Records contained in a dataset
---------------

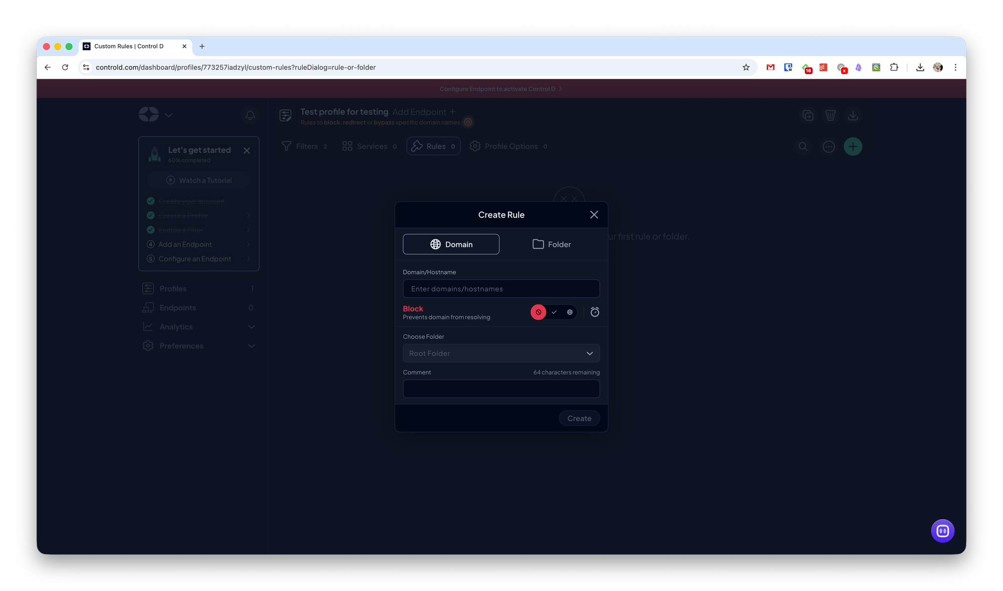 Последний пункт, в котором можно настроить блокировку, — Rules. Здесь вы сами указываете домен для блокировки. Также можно создать папку, и все домены в ней тоже будут заблокированы.
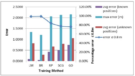 For obtaining the best neural network for localization, the BR training algorithm is evaluated to give the best result. However, the training time for this algorithm is quite high compare to other methods such as LM, RP and SCG. Therefore, it is recommended to use the BR method when offline training is performed as in this case. For applications requiring online training, the LM method is recommended.
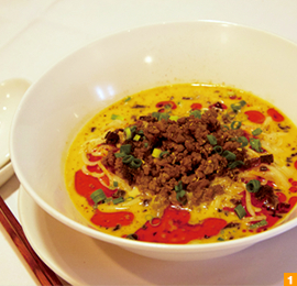 まろやかな豆乳にピリ辛なラー油が絶妙に合わさり、気がついたら飲み干してしまうほど飲みやすいスープです。冷やし麺なのですが、体がぽかぽか温まります。
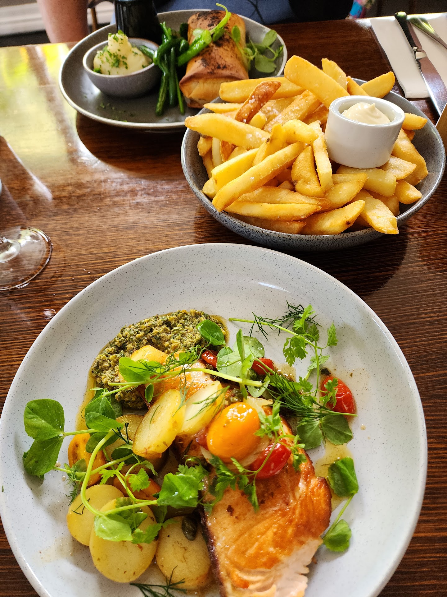 Nice atmosphere. Not too fussy and not too casual. Cool and breezy with big doors, open windows and high ceilings. Staff were really excellent, could not be faulted. Obviously well trained but they also seem to take pride in offering great service. Service was quick although we had the 5:30pm sitting so lots of staff without many guests. Might be different later in the night. Nice menu with lots of options that I would have been happy to select. Not so much seafood, which I thought was a little unusual for Noosa but that was fine with us as we had fresh seafood the previous day. Entres and main were good size and we didnt have room for dessert afterwards. Drinks list was considerably shorter than many other restaurants and there might be quite a few items that are unfamiliar but there were 3-4 choices in the range for each French varietal. We were able to find something enjoyable (a beer and 3 glasses of wine).We had baked Camembert (honey and plenty of toasted sourdough) and pumpkin arancini balls. Both nice. For mains seafood pasta and (the special) salmon crusted with sesame seeds. The pasta was a large serve with lots of fresh seafood. Little oil or sauce so quite fresh letting the natural seafood flavours shine, although it was quite chilli hot so you need to be happy with that. The salmon was a little disappointing. It was described as being still soft/jelly in the middle although that wasnât the case. I believe that it was baked and in my experience that saps some of the flavour when its cooked right through. I much prefer it to be crisp with caramelised flavours on the outside with the middle mostly jelly like which gives a combination of different flavours. overall overall it was a lovely dinner and we will definitely go back....
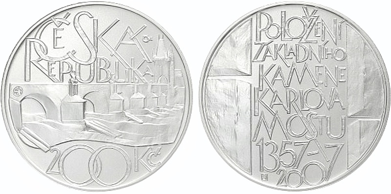 - Česká republika, 200 Kč 2007 běžná kvalita, 650. výročí položení základního kamene Karlova mostu

---------------

**DIRECTIONS:** Could you repeat exactly the lines from the first one of the records above through the line containing "まろやかな豆乳にピリ辛なラー", leaving out any pictures?

**EXPECTED OUTPUT:**
 Последний пункт, в котором можно настроить блокировку, — Rules. Здесь вы сами указываете домен для блокировки. Также можно создать папку, и все домены в ней тоже будут заблокированы.
 For obtaining the best neural network for localization, the BR training algorithm is evaluated to give the best result. However, the training time for this algorithm is quite high compare to other methods such as LM, RP and SCG. Therefore, it is recommended to use the BR method when offline training is performed as in this case. For applications requiring online training, the LM method is recommended.
 まろやかな豆乳にピリ辛なラー油が絶妙に合わさり、気がついたら飲み干してしまうほど飲みやすいスープです。冷やし麺なのですが、体がぽかぽか温まります。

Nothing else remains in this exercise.